I have a large text file with the format below:

>MCAL_43C14_r_00 872 1 872
GGCCCTTATGGCCTTTTTTTTTTTTTTTTCAAACTTTATAAAAGCTTTAA
TTGGTAGTTTGCTCCTTTAAATGGTAAAATCACAGATAAATTTATTGTGA
TAATTGTCTAGATGATTTTACAAGCAGTATAAATACATAATTGTAAACTC
AGTATATCTGCACAGAGAACAGAATAATTATACTTTTCGCAACTCGTTTC
GACGGTAAGAATGCACCAATTATATCGTCTATGCATGGTTCTCTTTCAAA
ATCTTAAAAATTGTGGGTAACTTTATTGTGTGCACGCCTGAAAGCTAGAA
TGAACTAATTTCTATTGTCCATAAATTTCCTTCAAAATATAGTAGTATAT
TGTAGTGACTTAAATTGGTCGTATTACATGACGTAATTGACGCCACTCCA
TTGGTTGGTAATCCATTTTCAGGATGATGTTGTCCAATCACACGTTTCGG
TCAGCACTTTTGGGAAATATTTCCCAGAATGCATCACATTCTTAAACGAT
TAATTGATATAGACAGATGTTCTTTTTGTTCTTGCTGCAAATAATGATTC
ATGAGACTATAATAATTATACATAGAACATCTTTAAATAAATGAAATTCA
TGAAAATCAAACAGCAGCAACCCGCGGAGTAAAGTGCATTCTCGTCATAT
TTCATACTTTGTCAGATTTATAAACTTTACTGGTATATTTGAGTTCAGTG
TAGATTTTCCATCTTAGCAGTAACGATTTGCTAAATAACATAAATGAGAC
ATATAAAAGCTTAATAAACGCCAACTACCAACAGATATATCTTTAAAAGC
GAAAGCCAACTCTTTTGCCATTTCATCAGTTGAAATCAGCATTTCAGAGG
CACTTATGTTCATGAAAAAATT
>MCAL_52K01_f_00 766 1 766
TAAAAAGAAAAATATCTTGAAGTCTAAAGGTAACTTGAAACACATTTGTT
GGAAAAAGTTCCTTCTTGGAGATCAGTTACCAACAGGTTTTCCAGGGATA
TATGACAAATATTTCATTTGTCAGCGCTTTGCACAGGATGATACGTATAT
AGGATCCACGTCTAGGAAGGCTTTCTATGGTACTGTTTATGATACAAAAC
AACGTGTTCCTCTGATGTCTTTTGGAAGACTAAGAAACCTCTCAGATACT
TCAAAACCACTAATGAAGTTTATGATTGAAAAGGGTTTGGTGTCAACTAA
AAAGCATAAAAGTGTGGTATCGACAGTATACAACTGGCTGAATGGTGCAG
AAGGAAAAGGAATGTTCTACGACAATGGTGAAATTTCAGTCTGTAATCTA
GGTCAATTTCAGGCTGTAAACACCGATTATGATACCTCAGAGTACAAAAT
GCAACAACTTTTACCACACAGTCTCACAGGAAATGACGTAAGAGAGAAAA
TAGCAACATACACACTGACTAATACGGCGCCAATTCACACATCACTACAT
GGAATGTGGGAAACTGCTTTGTCAACTGCGCGTACTTTCGCTGTCGAAAA
GTGTGGAATTCCAGTACTTTTAAATCCCGTGAGGAGACAACGAAACAGAG
TATCACGTGACCATCCAGAGATGTATGTAATATCAGGTGCGGTATCATTA
AACGATGCTGATAGCACAATAGGGAATGGGGTAGCTGTTCCATATCTATT
TTGGTTCGCAGGATGC

I am trying to remove the trailing 3 sets of spaces and numbers (e.g., " 872 1 872") such that the first one would be renamed >MCAL_43C14_r_00 and the second one would be renamed >MCAL_52K01_f_00. I know sed is at least in part the tool for the job but I'm stuck. I must not have the search pattern formatted correctly but I can't figure out what is wrong with it. Also, how do I ask sed to leave the characters I like untouched?
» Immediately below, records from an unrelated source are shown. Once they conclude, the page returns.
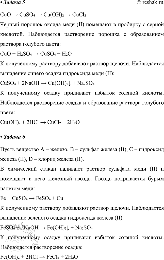 CuO — > CuSO4 - > Сu(ОН)2 — СuСl2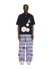 This skate fit t-shirt features a thrown dice graphic and a small stamp logo. 100% cotton. As seen in the Fall Winter 2024 Show entitled "Black by Popular Demand". MATERIALS 100% Cotton FITTING MOMO WEARS SIZE M HEIGHT: 6' 1” (185 CM) BUST: 37” (94 CM) WAIST: 29” (74 CM) HIPS: 38” (96 CM)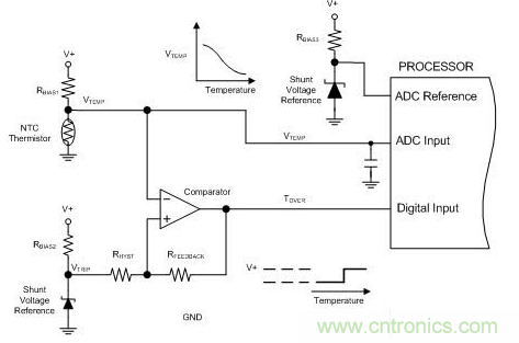 處理器的模數(shù)轉(zhuǎn)換器用于采集溫度模擬電壓(VteMP)。當溫度超出臨界值時,數(shù)字比較器的輸出端會驅(qū)動處理器的輸入端進行提示。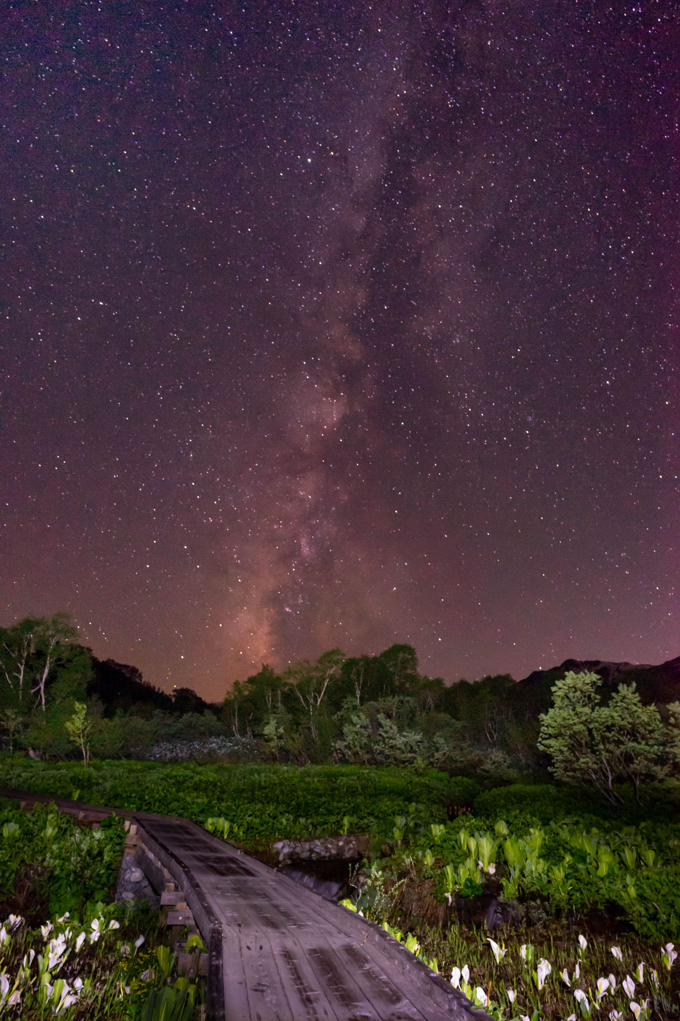 栂池自然園で撮影した天の川です、カメラと三脚の影が入らないように照明を工夫しました。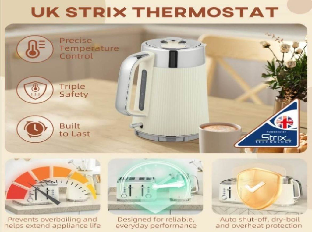 - Kettle with UK Strix thermostat for precise temp control and safety, meanwhile, a cool-touch lower body for safety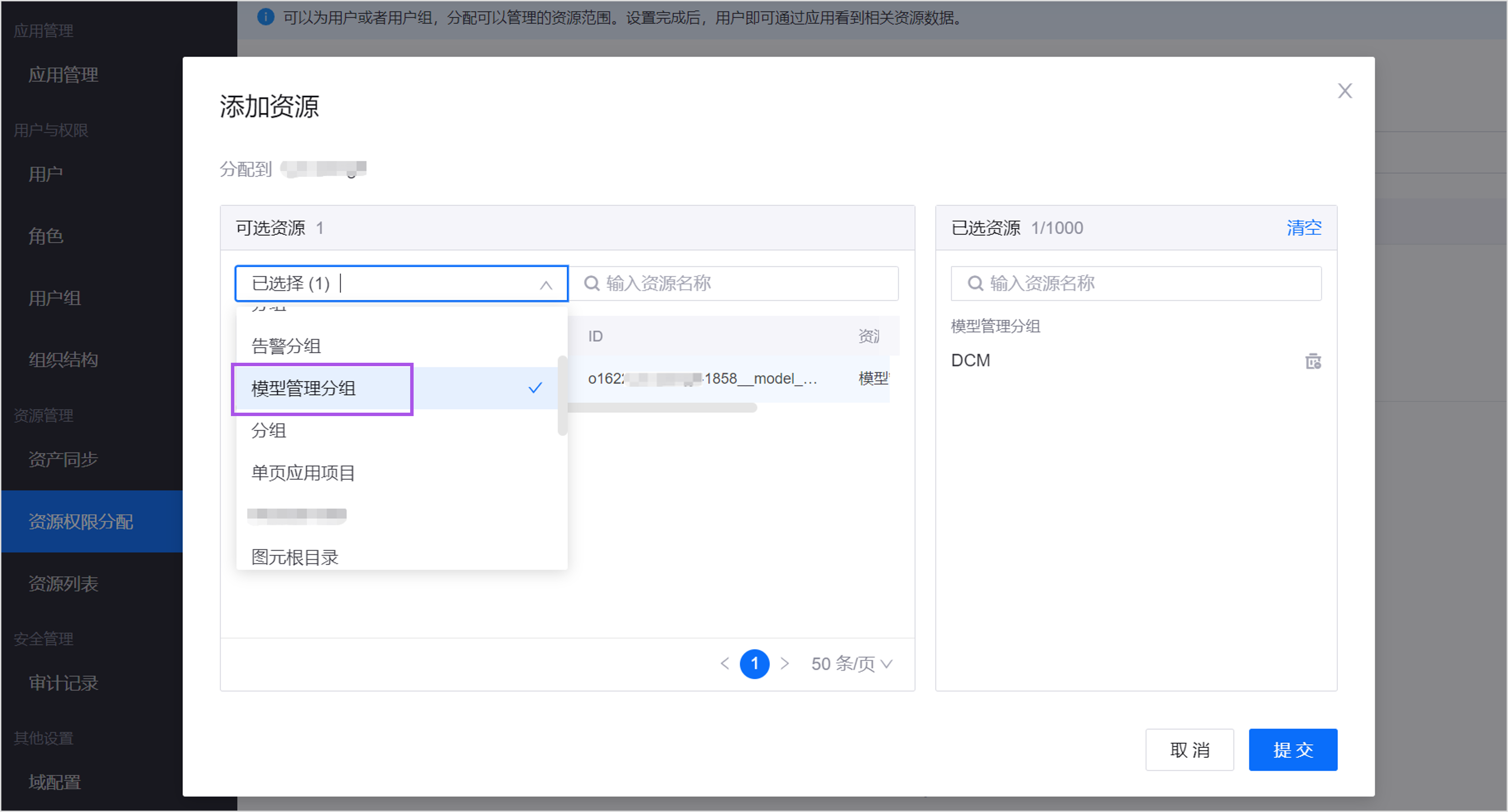 分配权限:开发者 OU 的 OU 管理员为模型管理方分配这一分组的资源和权限点。参见 在分组内添加和管理数据。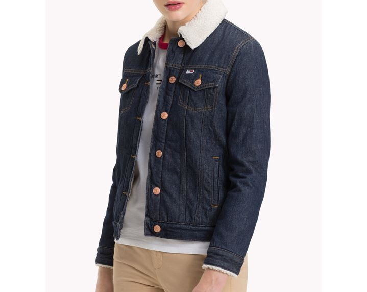„Tommy Jeans Sherpa Trucker“ klasikinio modelio pašiltintas džinsinis švarkas. Tvirtas džinsas, šerpos apykaklė ir vidus. Užsegimas sagomis, su dviem užsegamomis krūtinės kišenėmis, sagomis užsegamais rankogaliais ir firminiu prekės ženklu.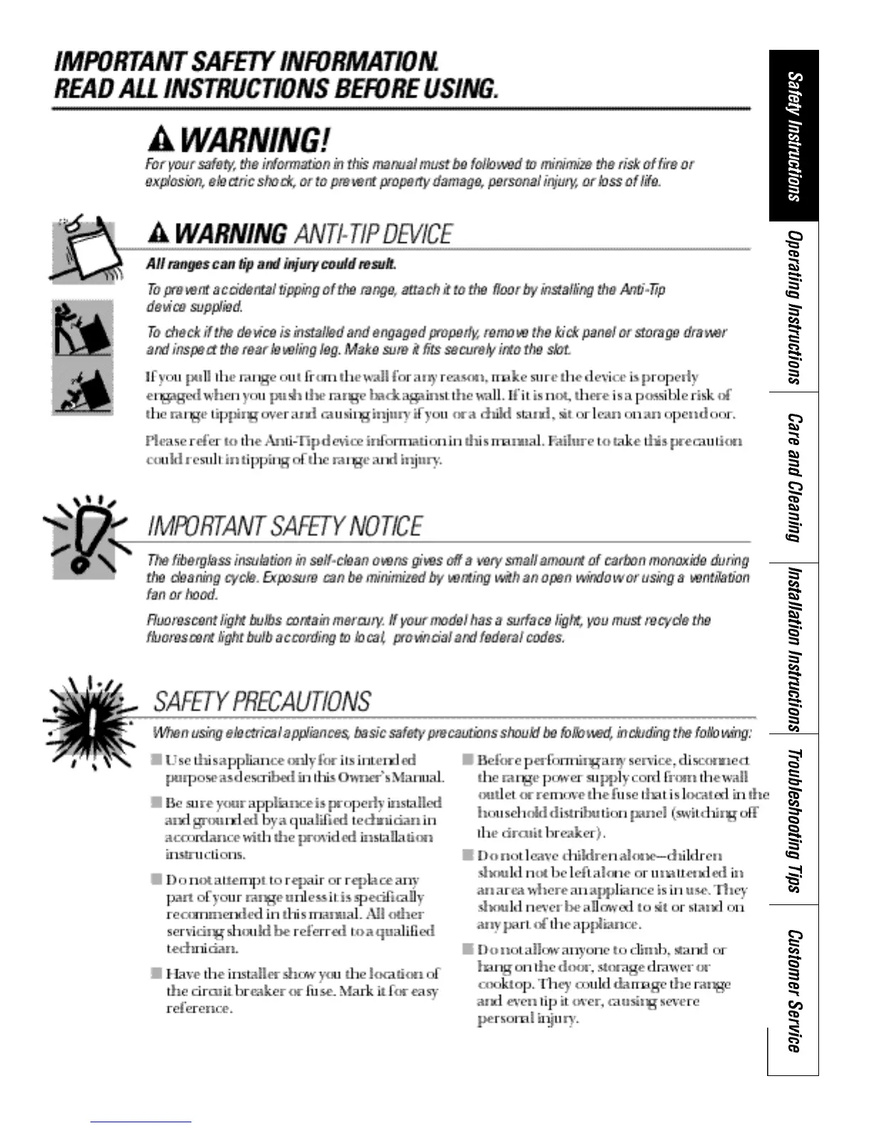 GE 30" - Safety Instructions; Safety Precautions

sed -n 's/>MCAL_[0-9][0-9][A-Z][0-9][0-9]_[fr]_[0-9][0-9] [0-9][0-9][0-9] 1 [0-9][0-9][0-9]/>MCAL_[0-9][0-9][A-Z][0-9][0-9]_[fr]_[0-9][0-9]/g' Mytilus_californianus.txt

Thanks!!!
Kevin
 
Old 08-10-2009, 02:10 PM   #2
forrestt
Senior Member
 
Registered: Mar 2004
Location: Cary, NC, USA
Distribution: Fedora, Kubuntu, RedHat, CentOS, SuSe
Posts: 1,288

Rep: Reputation: 99
Provided that all the lines are formatted as above, the code:

Code:
sed -e 's/ .\+//' Mytilus_californianus.txt
should do the trick.

HTH

Forrest
 
Old 08-10-2009, 02:11 PM   #3
pwc101
Senior Member
 
Registered: Oct 2005
Location: UK
Distribution: Slackware
Posts: 1,847

Rep: Reputation: 128Reputation: 128
Does
Code:
awk '{print $1}' file > output
not work?

edit: or even
Code:
cut -f1 < file > output
?
 
Old 08-10-2009, 02:15 PM   #4
indienick
Senior Member
 
Registered: Dec 2005
Location: London, ON, Canada
Distribution: Arch, Ubuntu, Slackware, OpenBSD, FreeBSD
Posts: 1,853

Rep: Reputation: 65
Several things; the sed command you have there won't work; you have to supply the "-e" parameter just before the regular expression. Also, your sed command will just print out the changes, but not actually commit them. You will need to supply the "-i" parameter ("edit in-place") and definitely with a filename suffix for the original. Your sed command should look something like this:
Code:
sed -n -i.orig -e 's/>MCAL_[0-9][0-9][A-Z][0-9][0-9]_[fr]_[0-9][0-9] [0-9][0-9][0-9] 1 [0-9][0-9][0-9]/>MCAL_[0-9][0-9][A-Z][0-9][0-9]_[fr]_[0-9][0-9]/g' Mytilus_californianus.txt
Also, you might also want to look into awk. I would highly suggest looking to see what awk will do when you pass it your text file as an argument and see how it splits your file up into fields. Also check out cut.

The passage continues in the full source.